В этих обстоятельствах я отказываюсь впадать в депрессию. Я утешаю себя мыслью, что если 25 июня — начало зимы, то, по крайней мере, есть следующее лето, которого я могу ждать. Следующим летом может случиться что угодно. Полагаю, ученый был бы весьма удивлен, если бы солнце отказалось вставать однажды утром или, встав, отказалось ложиться снова. Меня бы это не удивило. Удивительно то, что природа продолжает делать одни и те же вещи одним и тем же образом год за годом; любая внезапная маленькая неуместность с ее стороны была бы вполне понятна. Когда мудрецы так уверенно говорят нам, что в 1921 году будет солнечное затмение, невидимое в Гринвиче, не испытывают ли они никаких сомнений по мере приближения дня? Взглядывают ли они вверх от своей рыбки в назначенный час, просто на случай, если оно ВСЕ-ТАКИ будет видно? Или если они отправились в Пернамбуку, или куда там лучше всего смотреть, задаются ли они вопросом… может быть… и говорят друг другу накануне вечером, что, конечно, они в любом случае ехали в Пернамбуку, чтобы навестить тетю?

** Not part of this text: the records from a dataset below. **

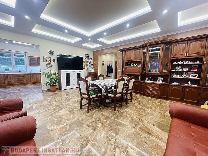 A ház kifogástalan állapotban van, minőségi burkolatok, tágas terek jellemzik.
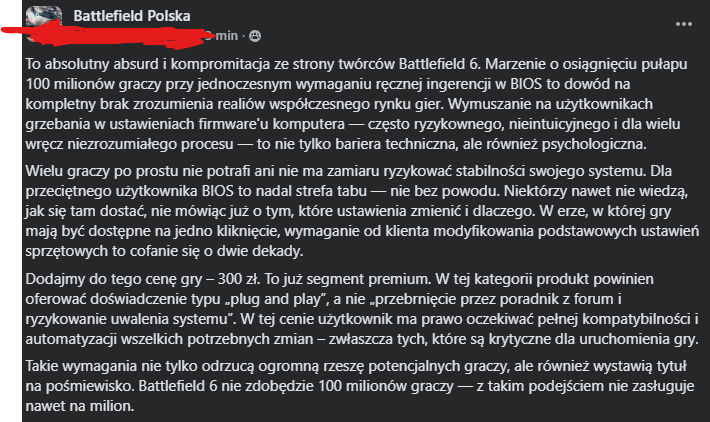 A co do Secure Boot. Twórca gry wam mówi jakie macie mieć ustawienia systemu i jakie systemy wolno wam używać, a Wy jeszcze graczy wyśmiewacie, że mają czelność wyrażać dezaprobatę
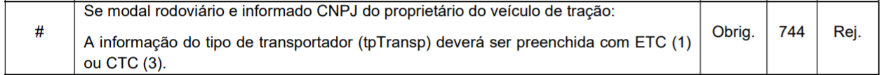 Rejeição 744, é necessário alterar o Tipo de Transportador para
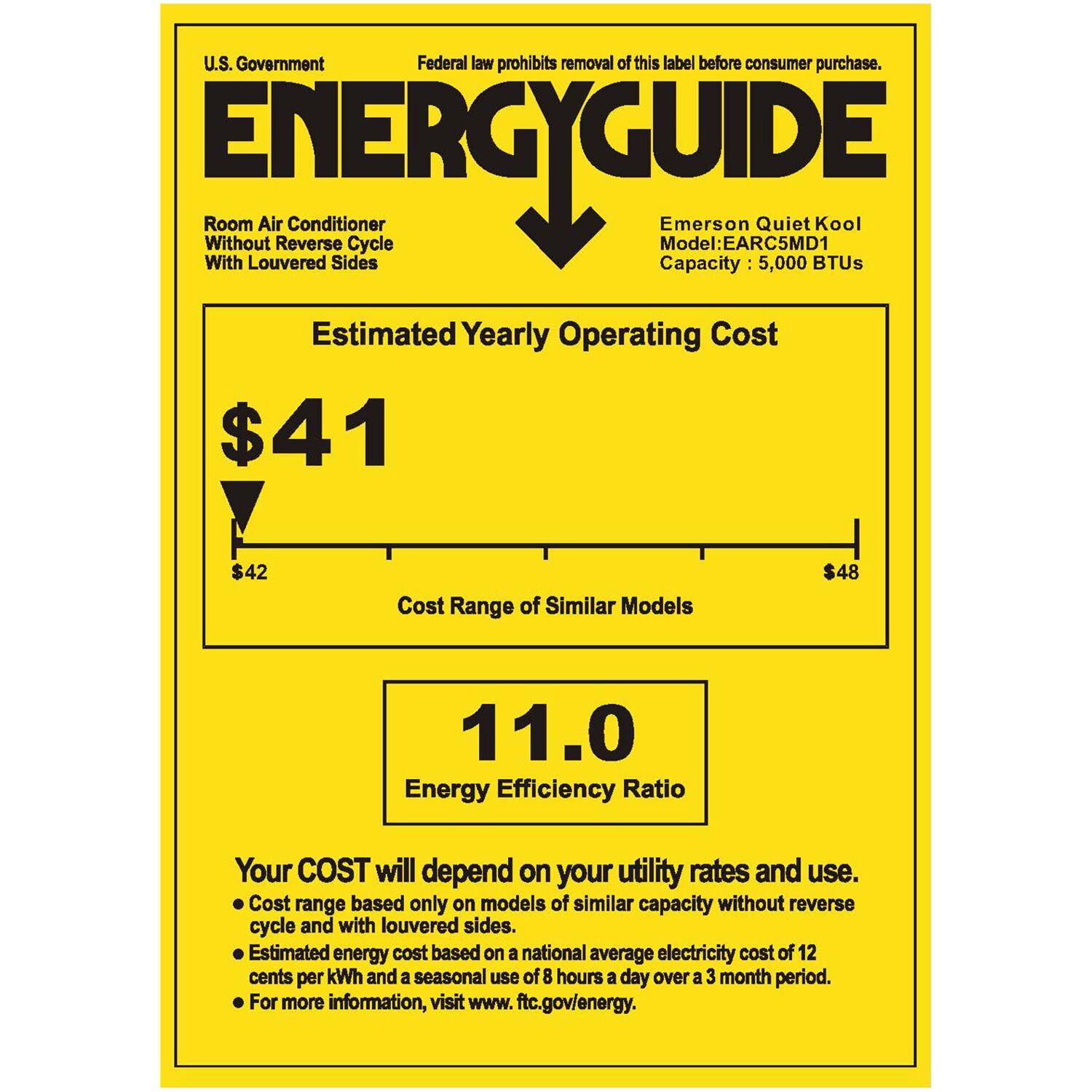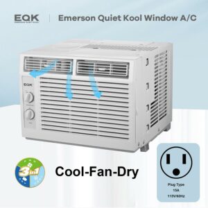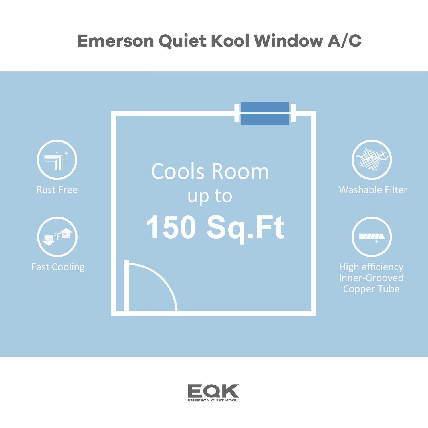 Emerson Quiet Kool 5,000 BTU 115-Volt 150 Sq. Gt. Window Air Conditioner, White, EARC5MD1
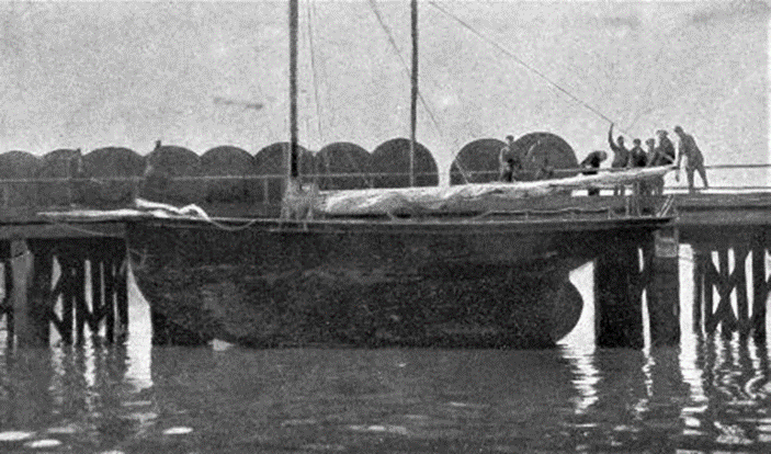 «Файркрест» у причала Форт-Тоттен, Лонг-Айленд, с ракушками на корпусе.
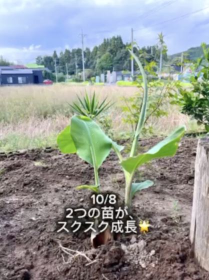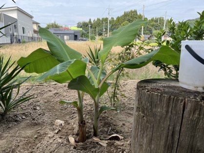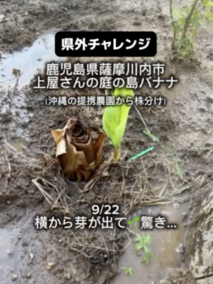 鹿児島県薩摩川内市の上屋さんに島バナナを植えていただき1ヶ月半の経過 2025/10/21

Возможно, нет. Но что касается меня, я не так уверен, и у меня есть надежда, что, безусловно, в следующем году, возможно, даже в этом году, дни будут продолжать удлиняться после того, как лето закончится.
У книжного киоска
Я часто мечтал стать бакалейщиком. Быть окруженным таким количеством интересных вещей — сардинами, консервированной малиной, печеньем с сахаром сверху, цукатами из имбиря, ветчиной, зельцем под стеклом, всем, по сути, что делает жизнь стоящей; в один момент подниматься по лестнице в поисках мускатного ореха, в следующий — нырять под прилавок в погоне за корицей; подавать маленьким девочкам полпенни грушевых леденцов, а важным людям, вроде вас и меня, — пинту вишневого джина — разве это не следовать королю профессий? Однажды я открою бакалейную лавку, и вы найдете меня в свободные вечера в фартуке за прилавком. Присмотритесь к смородине на витрине, когда будете входить — у меня есть идея для чего-то художественного в плане узоров там; но, как вы меня любите, не предлагайте ничего покупать. Мы, бакалейщики, выставляем смородину только для вида, и чтобы мы могли роскошно запускать в нее пальцы, когда нет торговли. У меня есть хороший ассортимент песочного печенья, мадам, если я смогу найти коробку, но никакой смородины сегодня вечером, умоляю вас.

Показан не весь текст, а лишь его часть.